By analyzing existing cross correlation between Estee Lauder Companies and Coty Inc, you can compare the effects of market volatilities on Estee Lauder and Coty and check how they will diversify away market risk if combined in the same portfolio for a given time horizon. You can also utilize pair trading strategies of matching a long position in Estee Lauder with a short position of Coty. Check out your portfolio center. Please also check ongoing floating volatility patterns of Estee Lauder and Coty.

Diversification Opportunities for Estee Lauder and Coty

0.73
  Correlation Coefficient

Poor diversification

The 3 months correlation between Estee and Coty is 0.73. Overlapping area represents the amount of risk that can be diversified away by holding Estee Lauder Companies and Coty Inc in the same portfolio, assuming nothing else is changed. The correlation between historical prices or returns on Coty Inc and Estee Lauder is a relative statistical measure of the degree to which these equity instruments tend to move together. The correlation coefficient measures the extent to which returns on Estee Lauder Companies are associated (or correlated) with Coty. Values of the correlation coefficient range from -1 to +1, where.
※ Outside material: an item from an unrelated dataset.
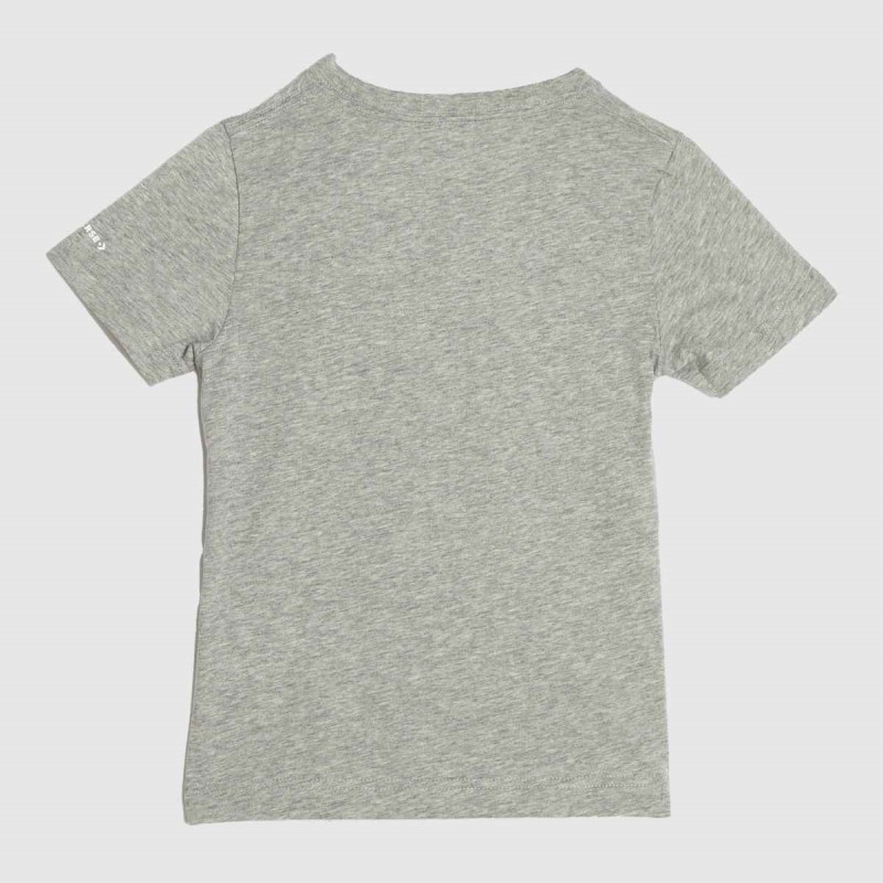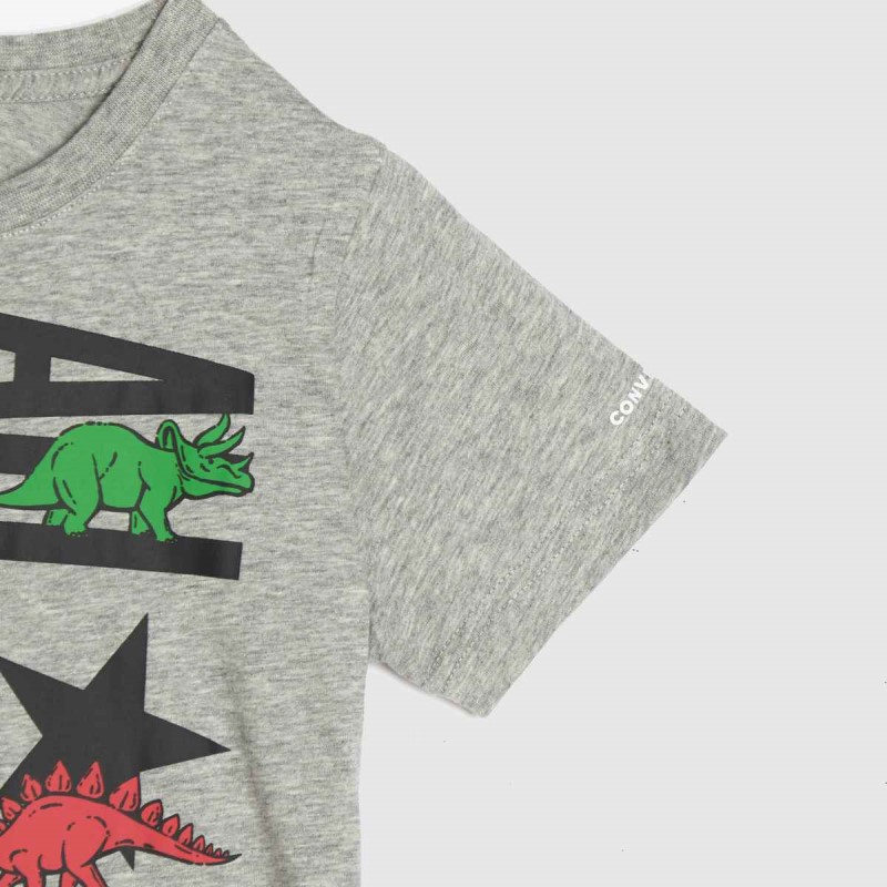 The Converse Boys Dinoverse Vertical All Star T-Shirt is made for your kids' wardrobe, trust us! Arriving in a light grey soft and comfortable fabric with black branding and colourful dinosaurs.

The correlation of zero (0) is possible when the price movement of Coty Inc has no effect on the direction of Estee Lauder i.e., Estee Lauder and Coty go up and down completely randomly.

Pair Corralation between Estee Lauder and Coty

Allowing for the 90-day total investment horizon Estee Lauder Companies is expected to generate 1.24 times more return on investment than Coty. However, Estee Lauder is 1.24 times more volatile than Coty Inc. It trades about -0.05 of its potential returns per unit of risk. Coty Inc is currently generating about -0.15 per unit of risk. If you would invest  7,426  in Estee Lauder Companies on December 27, 2024 and sell it today you would lose (837.00) from holding Estee Lauder Companies or give up 11.27% of portfolio value over 90 days.
Time Period3 Months [change]
DirectionMoves Together 
StrengthSignificant
Accuracy100.0%
ValuesDaily Returns

Estee Lauder Companies  vs.  Coty Inc

 Performance 
       Timeline  
Estee Lauder Companies 

Risk-Adjusted Performance

Very Weak

 
Weak
 
Strong
Over the last 90 days Estee Lauder Companies has generated negative risk-adjusted returns adding no value to investors with long positions. Despite latest uncertain performance, the Stock's essential indicators remain persistent and the latest mess on Wall Street may also be a sign of long-standing gains for the company institutional investors.
Coty Inc 

Risk-Adjusted Performance

Very Weak

 
Weak
 
Strong
Over the last 90 days Coty Inc has generated negative risk-adjusted returns adding no value to investors with long positions. In spite of fragile performance in the last few months, the Stock's basic indicators remain fairly strong which may send shares a bit higher in April 2025. The current disturbance may also be a sign of long term up-swing for the company investors.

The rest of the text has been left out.